Характерно: спрос на лекции мои шел слева; с разгромом остатков организаций пресеклись лекции; являлись устроители, с которыми я боялся иметь дело; вскоре никто не просил меня читать лекции; «нелегальные» устроители, вероятно, сидели в подполье; и кроме того, в чаду огарничества и в жирах буржуазного веселья мне было душно; салоны покинул я, затворясь у себя; у меня создалось впечатление, что и читать-то некому; реакция додавливала все лучшее; ряд личных горестных переживаний, ползших из прошлого (в частности, новые неприятности с Блоками), усугубляли душевный мрак; господствовал скепсис; в уединении я сочинял стихи, потом вошедшие в «Урну»:
«Не превозмочь» — лозунг дней; не превозмочь прошлого; чувство уныния — последствия операции (обескровленность); я разочаровался даже и в литературной тактике, которой недавно еще отдавался; я с горестью видел: на течении, мной любимом, наштамповывается ерунда случайными людьми; и ерунда пройдет в будущее под флагом символизма.
Никогда не был я так стар, как на рубеже 1908–1909 года; меня занимали, как игра в шахматы, игры в сплетения отвлеченных понятий; я отдавался анализу кантианской схоластики, в нее не веря и тем не менее ей отравляясь; как на шахматные турниры, ходил я на философские семинарии; а после писал иронически:
Так — период жизни, начатый с горячего желания пропагандировать «credo», окончился игрою в понятия; и из-под этой игры я искал того, на кого бы мог опереться; и вдруг — неожиданно ко мне позвонил Михаил Осипович Гершензон, с которым до этого времени я не был знаком.
Михаил Осипович Гершензон
Встречи с М. О. Гершензоном начались с ноября 1907 года;232
его как литературоведа я очень чтил; но его я боялся; он мне представлялся высоким и тучным, в очках, провалившимся в кресло, обитое прочною кожей, — посередине огромного кабинета; он потрясает седой бородой; у него лицо Натансона, эсера; брезгливо обнюхивает издания «Скорпиона» с единственной целью — сказать: эти книжки, книжонки, книжоночки, взятые вместе, не стоят и четверти строки Пушкина; одно стихотворение Огарева их укладывает на лопатки; если этот сердито-презрительный Гершензон, написавший прекрасные книги, читает «Весы», то читает с единственной целью — воскликнуть:— «Какой это ужас!»

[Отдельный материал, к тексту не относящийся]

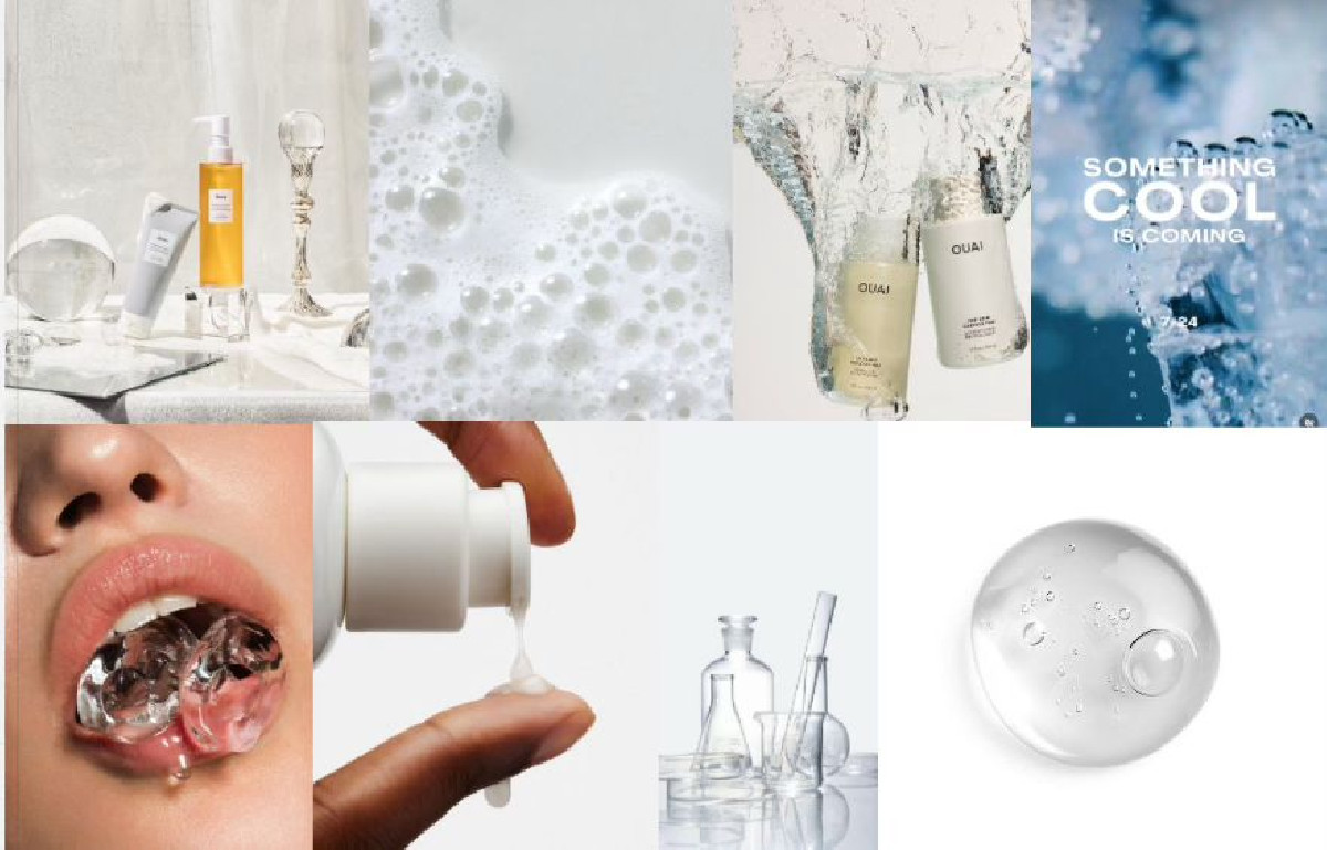Этот мудборд мы взяли за основу для ролика о мицеллярном лосьоне. Основной упор сделан на водные текстуры, такие как лед, пузыри и капли.
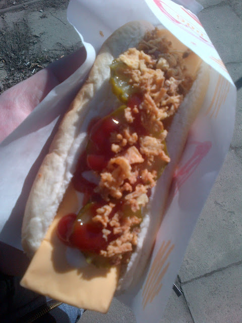 Szybki rzut oka na menu i decyzja zapadła: hot dog z serem. Mały, klasyczny, jak mi posmakuje to wezmę coś jeszcze. Koszt 4 zł (bez sera byłby za 3,50 zł). Po kilku chwilach odebrałem:
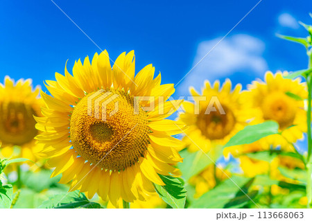 「埼玉県」夏空に映える向日葵 見沼田んぼ さいたま市

Таким я увидел почтенного критика.
Раз раздается негромкий звонок: и горничная просит в переднюю; было утро еще; я оканчивал туалет; кое-как застегнутый, все же выскочил я — и едва не сбил с ног маленького, чернобороденького господинчика, лет, может быть, около пятидесяти, может быть, сорока, может быть, — тридцати пяти, с очень черной, густою курчавой бородкою; заросшие щеки; густые брови дико нахмурены, образуя на лбу строптивую складку; он стоял, глубоко на лоб нахлобучив барашковый колпачок; но и в колпачке оказался он ростом всего до бровей мне; на его коричневом, смуглом личике перепучились не губы — сливы, не закрытые вниз загнутыми усами; его небольшой, изогнувшийся нос и два пристальных глазика, защищенных очками, стреляли смесью досады с растерянным перепугом; очки же его с черным ободом мне напомнили колеса от комиссаровой брички, с которыми их сравнил Гоголь;233
пришлось нагнуться, чтобы его разглядеть; от этого сделалось мне конфузно: так грозно и так недоверчиво метнул он на меня взгляд снизу вверх; будто он, перепутав свой адрес, забежал не туда; но, забежав, решил стойко испытывать все угрожающие неприятности, проистекавшие из этого досадного факта; он, точно защищая себя от меня, бросил грозным рывком (так пускают парки паровозы):— «Пф… Пф… Гершензон… Заведующий „Критическим обозрением“…»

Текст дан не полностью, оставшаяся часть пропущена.